Give back the whole listing exactly as written, pictures excluded.

(DATA BLOCK):
_____

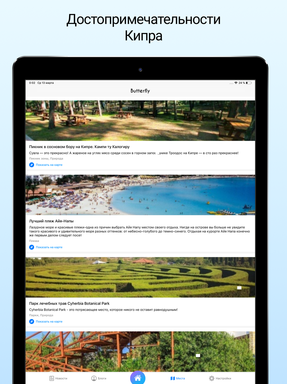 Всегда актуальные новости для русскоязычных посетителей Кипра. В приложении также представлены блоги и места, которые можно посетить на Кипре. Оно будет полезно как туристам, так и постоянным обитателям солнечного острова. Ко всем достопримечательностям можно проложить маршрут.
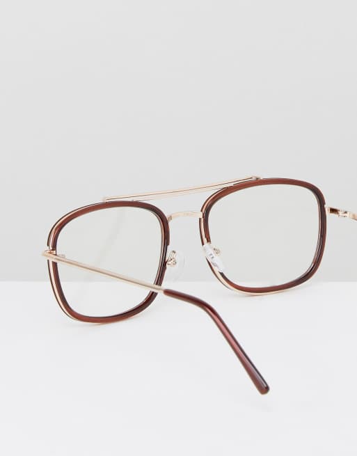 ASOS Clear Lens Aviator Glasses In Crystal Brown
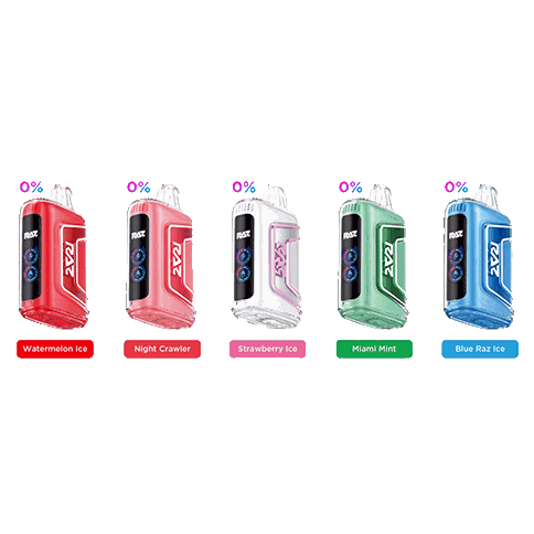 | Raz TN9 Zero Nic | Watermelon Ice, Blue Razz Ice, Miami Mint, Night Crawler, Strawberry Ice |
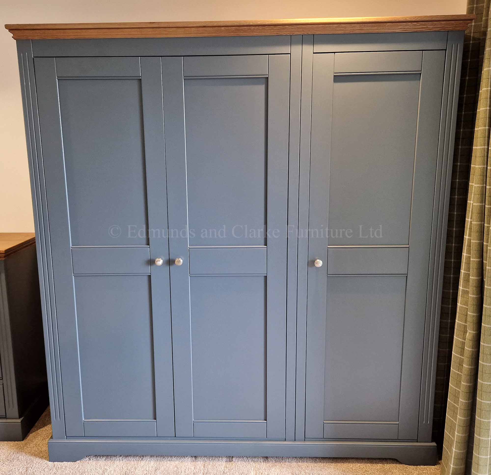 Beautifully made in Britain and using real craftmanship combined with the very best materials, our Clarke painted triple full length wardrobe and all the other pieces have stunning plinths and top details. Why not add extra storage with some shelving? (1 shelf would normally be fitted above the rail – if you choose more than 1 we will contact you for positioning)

_____

(WRITTEN ANSWER):
 Всегда актуальные новости для русскоязычных посетителей Кипра. В приложении также представлены блоги и места, которые можно посетить на Кипре. Оно будет полезно как туристам, так и постоянным обитателям солнечного острова. Ко всем достопримечательностям можно проложить маршрут.
 ASOS Clear Lens Aviator Glasses In Crystal Brown
 | Raz TN9 Zero Nic | Watermelon Ice, Blue Razz Ice, Miami Mint, Night Crawler, Strawberry Ice |
 Beautifully made in Britain and using real craftmanship combined with the very best materials, our Clarke painted triple full length wardrobe and all the other pieces have stunning plinths and top details. Why not add extra storage with some shelving? (1 shelf would normally be fitted above the rail – if you choose more than 1 we will contact you for positioning)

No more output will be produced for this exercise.